Subject: File No. 4-497
From: Dwayne E Jorgensen, CIA, CFE
Affiliation: Global Practice Leader, Sarbanes-Oxley Services & IT Governance, CTG

March 29, 2005

Most organizations have tackled 302 compliance by developing ad-hoc cascading certifications which require several layers of management to sign off on the information prior to the CEO and CFO. In addition, most companies have attempted to satisfy by in many cases first-time documentation of the processes which create their financials, in order to satisfy 404 compliance criteria for their external auditors. Finally, most of the efforts to-date has been extremely labor-intensive, without establishing systems designed to improve process efficiencies, nor retain control documentation in a reusable fashion, which will require significant efforts to replicate the control analysis on both a quarterly and annual ongoing basis. This is due in part to no clear front-runner in the marketplace in the development of a continuous monitoring solution. Now that the first year of 404 compliance has occurred, most CFOs are realizing that a significant amount of the efforts previously spent on the attainment of their first 404 attestation will need to be spent again in 2005 on 302 and 404 efforts according to Gartner, 6 Billion will be spent in 2005.

This realization has significant impact on the current trend towards less is more coming from certain camps, especially pertaining to small-to-mid-cap companies. What is truly distressing are recent comments as quoted in CFO magazine that the issue is embedded in COSO itself, versus current efforts to satisfy Sarbanes-Oxley.

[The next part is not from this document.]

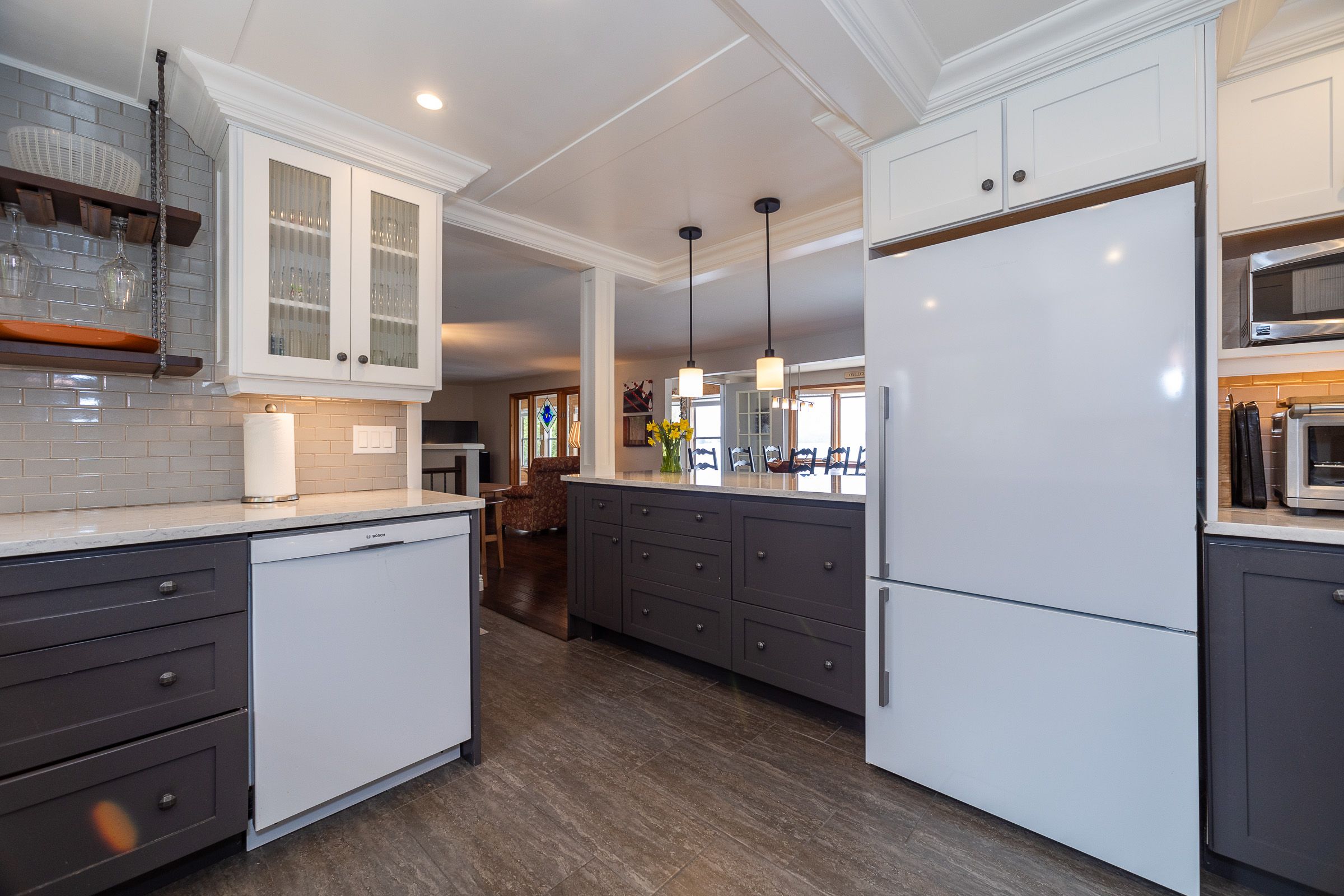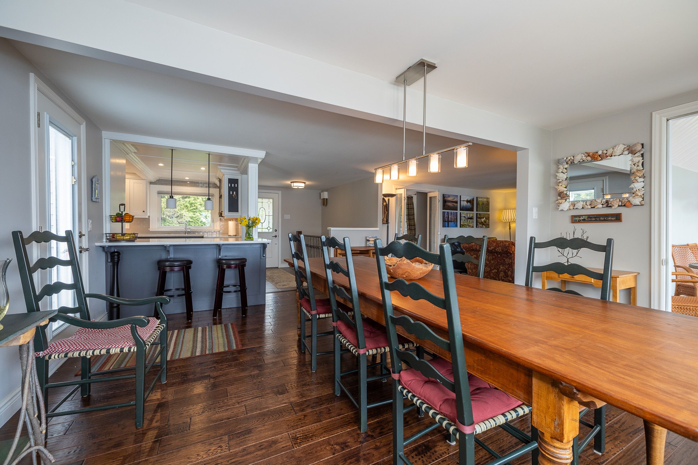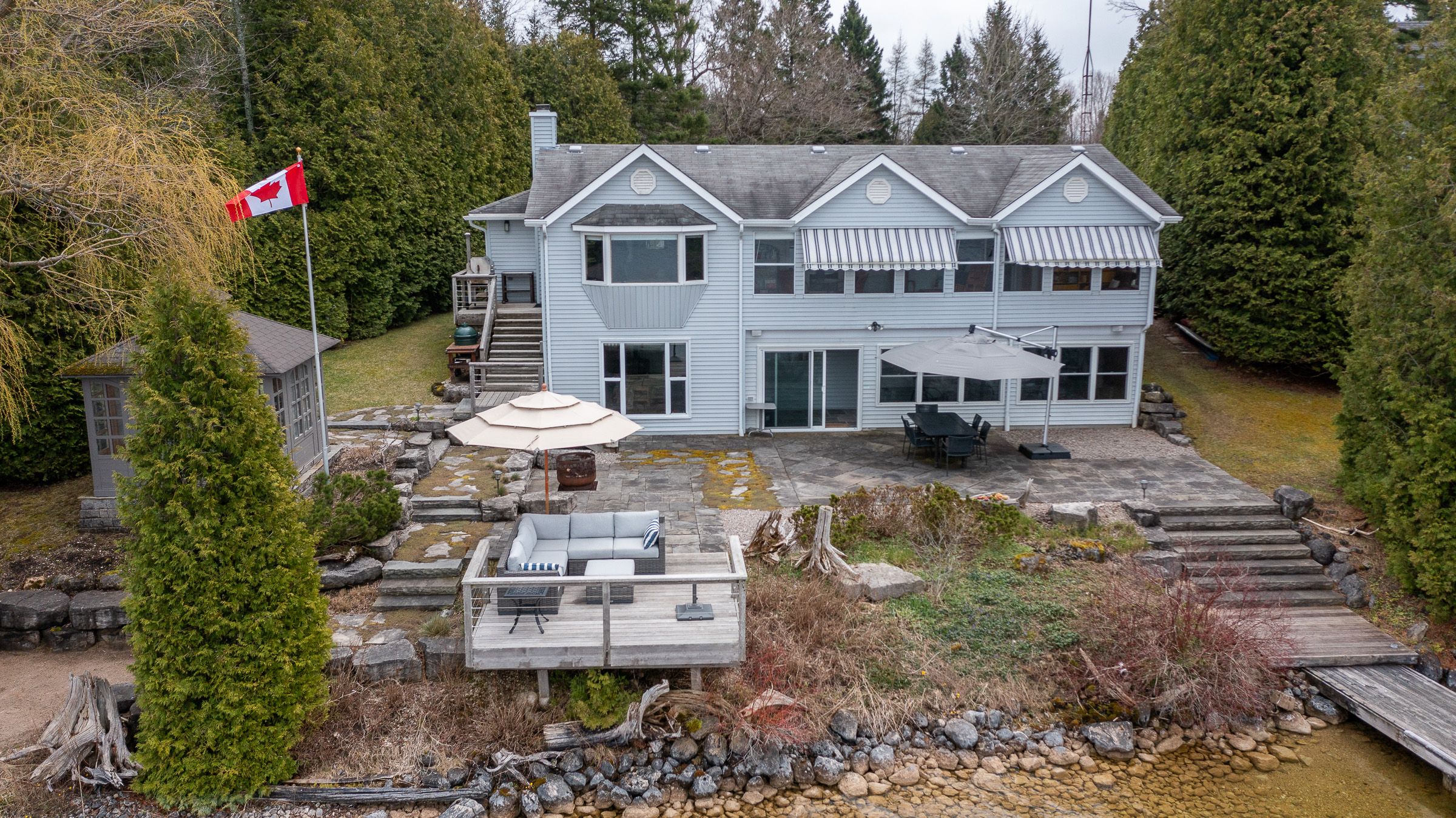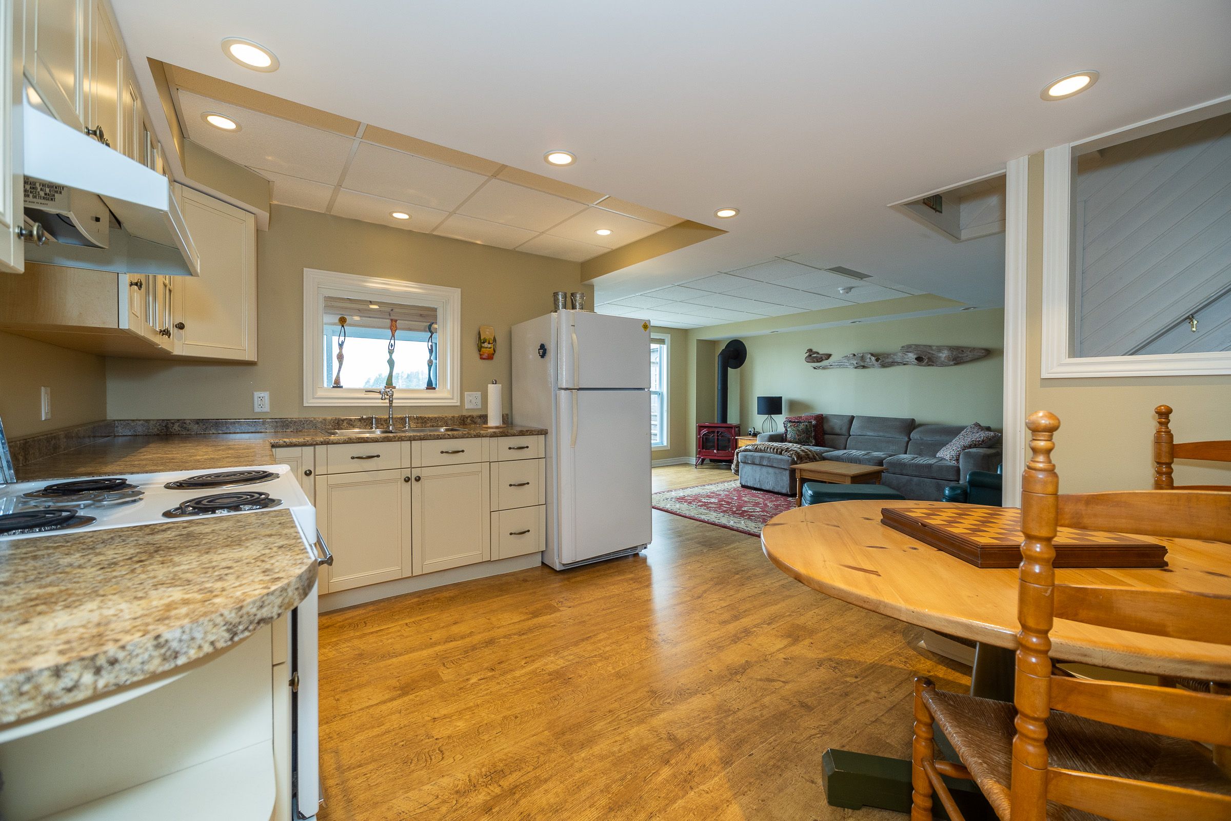 123' waterfront on Sunset Point, Lake Eugenia with unobstructed views from nearly every room on both levels. Enjoy the open kitchen, dining and living areas with direct access to the light-filled sunroom. Lower level walkout features a family room with propane free-standing stove, second kitchen, 2nd bath and great coat room with access to the attached garage. Walkout to stone patio, waterside deck, sheltered dock, enclosed gazebo, sandy beach area and everything desired in a waterfront property. Thoroughly enjoyed and lovingly maintained including updated kitchen and bath (2017), hot water tank (2023), sewage pump (2024), shingles (2010), eavestrough with leaf guard (2023). Shared ownership and use of Macdonald Farm with 127 acres of trails for recreational use.

COSO, in its purest form, should be equally applicable regardless of size of organization. The key, of course, is in the application of the monitoring layer, using both management and an independent third party, and the frequency of the monitoring. The monitoring layer, along with the timing and depth, is actually what the current furor is about, not the other layers. Ironically, it was the abuse of this layer in recent years that lead to the collapse of huge companies, and the need for the Act in the first place.

The clear answer, for all size companies, is to increase the frequency, ideally to the opitmal state of continuous monitoring. The most logical, and cost-effective, way to accomplish this is through automation, to the extent possible, of the entire COSO model in the organization.

In my opinion, current efforts towards rethinking what has already been done, redirected towards this optimal solution of continuous monitoring, would have signficant benefit for companies of all size, and therefore, their shareholders as well.